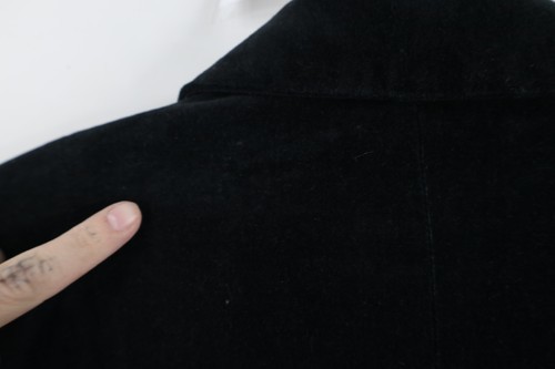Blemishes on back. Arms and inner cuffs discolored. Color faded
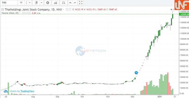 Trên sàn chứng khoán, THD là cổ phiếu tăng giá mạnh nhất trong năm 2020 khi ghi nhận tỷ lệ tăng tới hơn 26 lần.
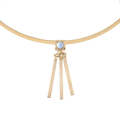 Complete your festival look with our 90’s inspired Ava Choker from Wanderlust + Co. This retro Festival Choker features a 14k gold plated hardware with soft sky blue quartz gemstone and bar fringe pendant detail on with movable choker necklace, and lobster clasp closure.
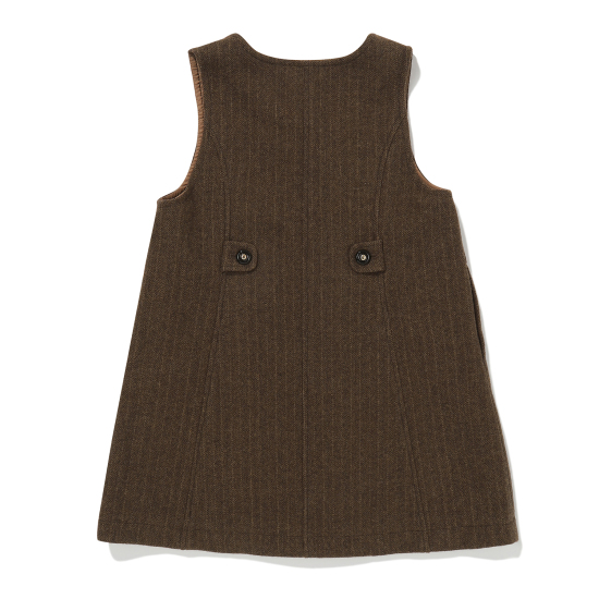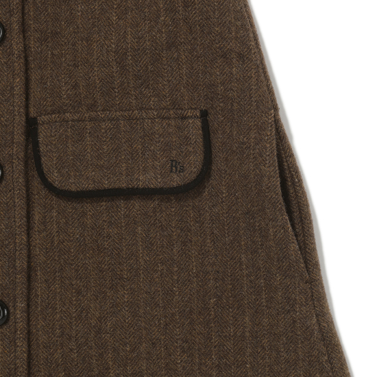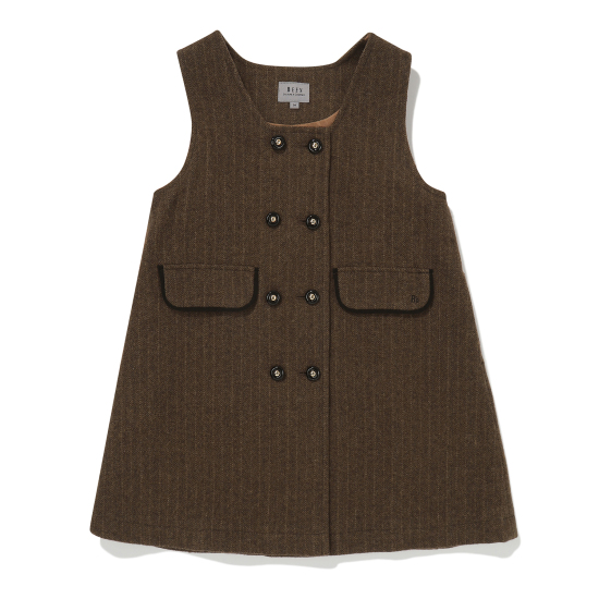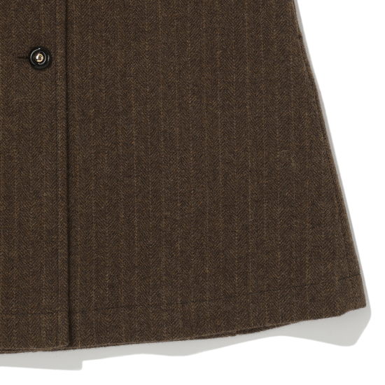 브라운 헤링본 조직의 컬러가 고급스러운 분위기를 더해주는 울 소재의 점퍼스커트 원피스 아이템입니다. 단추 여밈으로 클래식한 분위기를 연출하며, 전체 오픈되어 다양한 스타일링으로 연출할 수 있습니다. 블랙 컬러의 배색 디테일이 세련된 분위기를 더해주며, BZ62TS02SB 또는 BZ62TS01LG와 같은 은은한 컬러감의 이너를 입고 블랙 노카라 핸드메이드 자켓과 셋업하여 고급스러운 스타일링을 제안합니다.
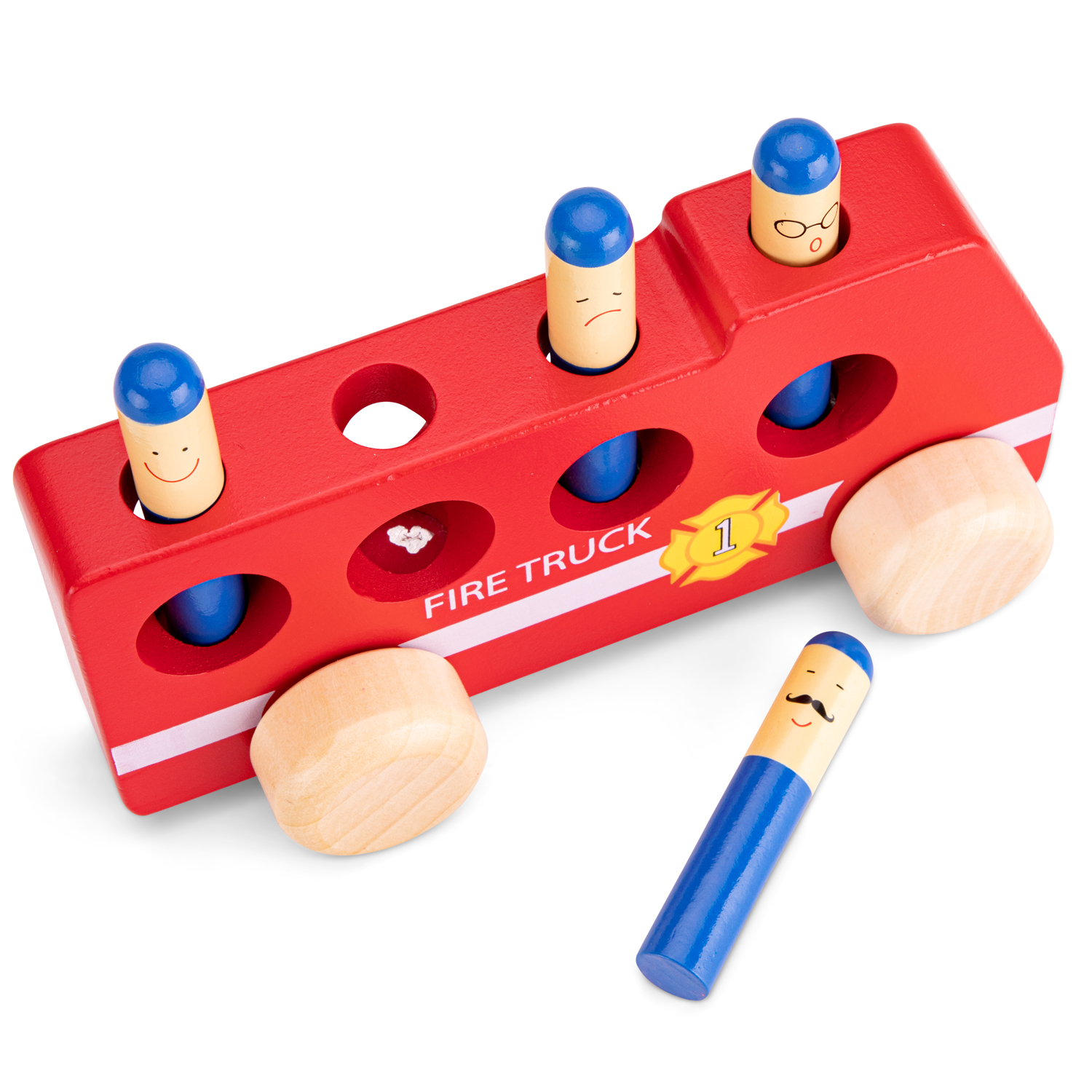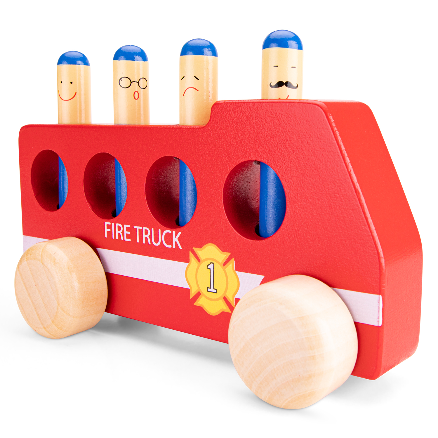 Push, pop and play! This wooden pop-up fire truck from New Classic Toys is spring-loaded and ready for fun! Press the figures down, watch them pop right back up and try to catch them as they soar into the air – it's a fun game that keeps little minds active and entertained.
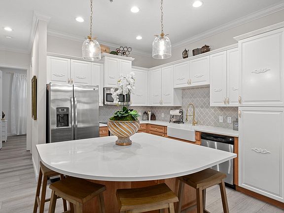 Fully renovated and professionally designed in 2022, this elegant French-inspired townhome brings timeless European charm just steps from the white sand beaches and attractions of Panama City Beach. The top floor features a master suite with Gulf-view balcony, spa-like ensuite with soaking tub, and custom tile. The main level offers an open living area filled with natural light, a modern kitchen with stainless appliances, and seamless flow for entertaining. The lower level provides a guest suite with ensuite bath and garage access. Residents enjoy a community pool, prime location, and turnkey ownership with furnishings included. Ideal as a second home with short-term rentals allowed to offset expenses. HOA fees include base-value property insurance. Buyer to verify all info.
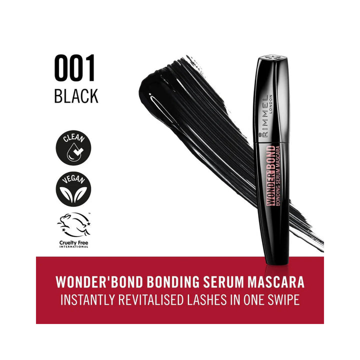 The New Rimmel Wonder'Bond Bonding Serum Mascara instantly revitalises lashes in one swipe for longer, smoother, and healthier looking lashes. Powered by Biotin Bonding Complex, with up to 350% more volume! Inspired by bond repair serums, Rimmel's unique formula visibly improves lash quality.
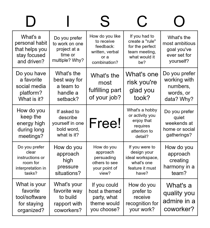 This bingo card has a free space and 24 words: How do you approach high pressure situations?, What's your favorite way to build rapport with coworkers?, What's the most fulfilling part of your job?, What is your favorite tool/software for staying organized?, What's the most ambitious goal you've ever set for yourself?, What's a personal habit that helps you stay focused and driven?, Do you have a favorite social media platform? What is it?, Do you prefer to work on one project at a time or multiple? Why?, What's a hobby or activity you enjoy that requires attention to detail?, How do you approach persuading others to see your point of view?, What's one risk you're glad you took?, How do you keep the energy high during long meetings?, If you were to design your ideal workspace, what's one feature it must have?, How do you approach creating harmony in a team?, What's the best way for a team to handle a setback?, How do you prefer to receive recognition for your work?, Do you prefer quiet weekends at home or social gatherings?, How do you like to receive feedback: written, verbal or a combination?, Do you prefer working with numbers, words, or data? Why?, If asked to describe yourself in one bold word, what is it?, What's a quality you admire in a coworker?, Do you prefer clear instructions or room for interpretation in tasks?, If you had to create a "rule" for the perfect team meeting, what would it be? and If you could host a themed party, what theme would you choose?.
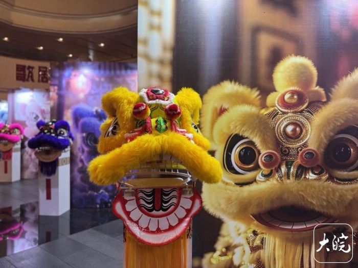 非遗版春节主题展区,“年夜饭”热闹“开席”;五色狮子吉祥迎客;戏曲打卡点,徽剧、黄梅戏、庐剧、泗州戏、花鼓灯等戏曲行头引来众人打卡。

◆ Assigned task
Go through the material above and repeat it exactly. Omit the pictures.

◆ Result of this exercise
Blemishes on back. Arms and inner cuffs discolored. Color faded
 Trên sàn chứng khoán, THD là cổ phiếu tăng giá mạnh nhất trong năm 2020 khi ghi nhận tỷ lệ tăng tới hơn 26 lần.
 Complete your festival look with our 90’s inspired Ava Choker from Wanderlust + Co. This retro Festival Choker features a 14k gold plated hardware with soft sky blue quartz gemstone and bar fringe pendant detail on with movable choker necklace, and lobster clasp closure.
 브라운 헤링본 조직의 컬러가 고급스러운 분위기를 더해주는 울 소재의 점퍼스커트 원피스 아이템입니다. 단추 여밈으로 클래식한 분위기를 연출하며, 전체 오픈되어 다양한 스타일링으로 연출할 수 있습니다. 블랙 컬러의 배색 디테일이 세련된 분위기를 더해주며, BZ62TS02SB 또는 BZ62TS01LG와 같은 은은한 컬러감의 이너를 입고 블랙 노카라 핸드메이드 자켓과 셋업하여 고급스러운 스타일링을 제안합니다.
 Push, pop and play! This wooden pop-up fire truck from New Classic Toys is spring-loaded and ready for fun! Press the figures down, watch them pop right back up and try to catch them as they soar into the air – it's a fun game that keeps little minds active and entertained.
 Fully renovated and professionally designed in 2022, this elegant French-inspired townhome brings timeless European charm just steps from the white sand beaches and attractions of Panama City Beach. The top floor features a master suite with Gulf-view balcony, spa-like ensuite with soaking tub, and custom tile. The main level offers an open living area filled with natural light, a modern kitchen with stainless appliances, and seamless flow for entertaining. The lower level provides a guest suite with ensuite bath and garage access. Residents enjoy a community pool, prime location, and turnkey ownership with furnishings included. Ideal as a second home with short-term rentals allowed to offset expenses. HOA fees include base-value property insurance. Buyer to verify all info.
 The New Rimmel Wonder'Bond Bonding Serum Mascara instantly revitalises lashes in one swipe for longer, smoother, and healthier looking lashes. Powered by Biotin Bonding Complex, with up to 350% more volume! Inspired by bond repair serums, Rimmel's unique formula visibly improves lash quality.
 This bingo card has a free space and 24 words: How do you approach high pressure situations?, What's your favorite way to build rapport with coworkers?, What's the most fulfilling part of your job?, What is your favorite tool/software for staying organized?, What's the most ambitious goal you've ever set for yourself?, What's a personal habit that helps you stay focused and driven?, Do you have a favorite social media platform? What is it?, Do you prefer to work on one project at a time or multiple? Why?, What's a hobby or activity you enjoy that requires attention to detail?, How do you approach persuading others to see your point of view?, What's one risk you're glad you took?, How do you keep the energy high during long meetings?, If you were to design your ideal workspace, what's one feature it must have?, How do you approach creating harmony in a team?, What's the best way for a team to handle a setback?, How do you prefer to receive recognition for your work?, Do you prefer quiet weekends at home or social gatherings?, How do you like to receive feedback: written, verbal or a combination?, Do you prefer working with numbers, words, or data? Why?, If asked to describe yourself in one bold word, what is it?, What's a quality you admire in a coworker?, Do you prefer clear instructions or room for interpretation in tasks?, If you had to create a "rule" for the perfect team meeting, what would it be? and If you could host a themed party, what theme would you choose?.
 非遗版春节主题展区,“年夜饭”热闹“开席”;五色狮子吉祥迎客;戏曲打卡点,徽剧、黄梅戏、庐剧、泗州戏、花鼓灯等戏曲行头引来众人打卡。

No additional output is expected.